An E2E speech model mixes wordpieces with phonemes and biases foreign names by mapping their sounds to English phonemes.

A machine-rendered reading of the paper's core claim, the machinery that carries it, and where it could break.

The paper develops an end-to-end automatic speech recognition model whose output vocabulary contains both English wordpieces and phonemes. It applies contextual biasing to foreign proper nouns by converting those words' pronunciations into sequences of similar English phonemes. Experiments focus on a task of recognizing unseen geographic place names from other languages. The phoneme-level approach yields measured gains over grapheme-only and wordpiece-only biasing baselines while keeping regular English performance nearly unchanged.

Core claim

The paper shows that performing contextual biasing at the phoneme level inside a joint wordpiece-phoneme E2E model produces a 16 percent relative improvement over a grapheme-only biasing baseline and an 8 percent improvement over a wordpiece-only baseline on a foreign place-name recognition task, accompanied by only slight degradation on standard English test sets.

What carries the argument

Phoneme-level contextual biasing inside a mixed wordpiece-phoneme output space, achieved by mapping foreign-word pronunciations to the closest English phoneme sequences.

If this is right

Contextual lists containing foreign names become usable without expanding the training data.
Rare named entities remain recognizable even when the beam-search decoder keeps only a small number of candidates.
The same model can serve both standard English dictation and cross-lingual name biasing without separate systems.
Acoustic salience of phonemes helps spelling of out-of-vocabulary words that grapheme or wordpiece units miss.

Where Pith is reading between the lines

These are editorial extensions of the paper, not claims the author makes directly.

The method could be tested on other language pairs where the target phoneme inventory is a superset of English phonemes.
Combining the approach with multilingual pre-training might reduce the slight English degradation further.
The same mapping step could be applied to other contextual lists such as song titles or contact names that contain foreign words.

Load-bearing premise

Pronunciations of foreign words can be mapped to English phoneme sequences without introducing errors that cancel out the benefit of the biasing step.

What would settle it

Measure recognition accuracy on a held-out set of foreign place names whose pronunciations have no close match in English phoneme inventory; if the reported gains vanish, the mapping premise does not hold.

Figures

Figures reproduced from arXiv: 1906.09292 by Antoine Bruguier, Golan Pundak, Ke Hu, Rohit Prabhavalkar, Tara N. Sainath.

**Figure 1.** Figure 1: Contextual FST for the word “Créteil" using a sequence of English phonemes “k r\ E t E j". 3.3. Decoding Graph To generate words as outputs, we search through a decoding graph similar to [16] but accept both phonemes and wordpieces.

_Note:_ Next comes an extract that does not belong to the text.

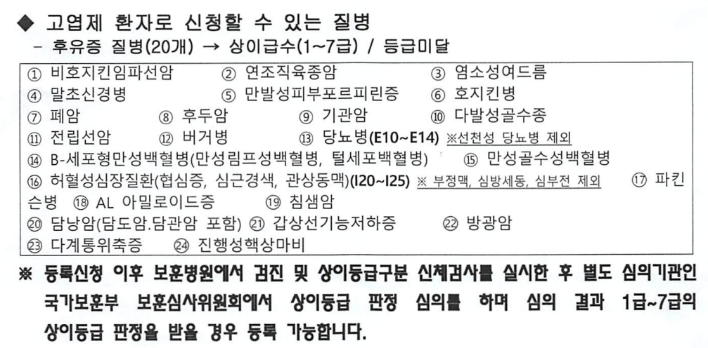 ◆ 고엽제 환자로 신청할 수 있는 질병

An example is shown in [PITH_FULL_IMAGE:figures/full_fig_p002_1.png] view at source ↗

**Figure 2.** Figure 2: Decoding graph for the words “crèche" (daycare) with English cross lingual pronunciation “k r\ E S" and “créteil" (a city) with pronunciation “k r\ E t E j". For clarity, we omitted most wordpieces for the state 0. Based on [16], we add two improvements to the decoding strategy. First, during decoding we consume as many input epsilon arcs as possible thus guaranteeing that all wordpieces in word are produ… view at source ↗

**Figure 3.** Figure 3: WER (%) as a function of the number of biasing words. 4.4. Effect of Number of Biasing Words Given examples in [PITH_FULL_IMAGE:figures/full_fig_p004_3.png] view at source ↗

read the original abstract

Contextual automatic speech recognition, i.e., biasing recognition towards a given context (e.g. user's playlists, or contacts), is challenging in end-to-end (E2E) models. Such models maintain a limited number of candidates during beam-search decoding, and have been found to recognize rare named entities poorly. The problem is exacerbated when biasing towards proper nouns in foreign languages, e.g., geographic location names, which are virtually unseen in training and are thus out-of-vocabulary (OOV). While grapheme or wordpiece E2E models might have a difficult time spelling OOV words, phonemes are more acoustically salient and past work has shown that E2E phoneme models can better predict such words. In this work, we propose an E2E model containing both English wordpieces and phonemes in the modeling space, and perform contextual biasing of foreign words at the phoneme level by mapping pronunciations of foreign words into similar English phonemes. In experimental evaluations, we find that the proposed approach performs 16% better than a grapheme-only biasing model, and 8% better than a wordpiece-only biasing model on a foreign place name recognition task, with only slight degradation on regular English tasks.

Editorial analysis

A structured set of objections, weighed in public.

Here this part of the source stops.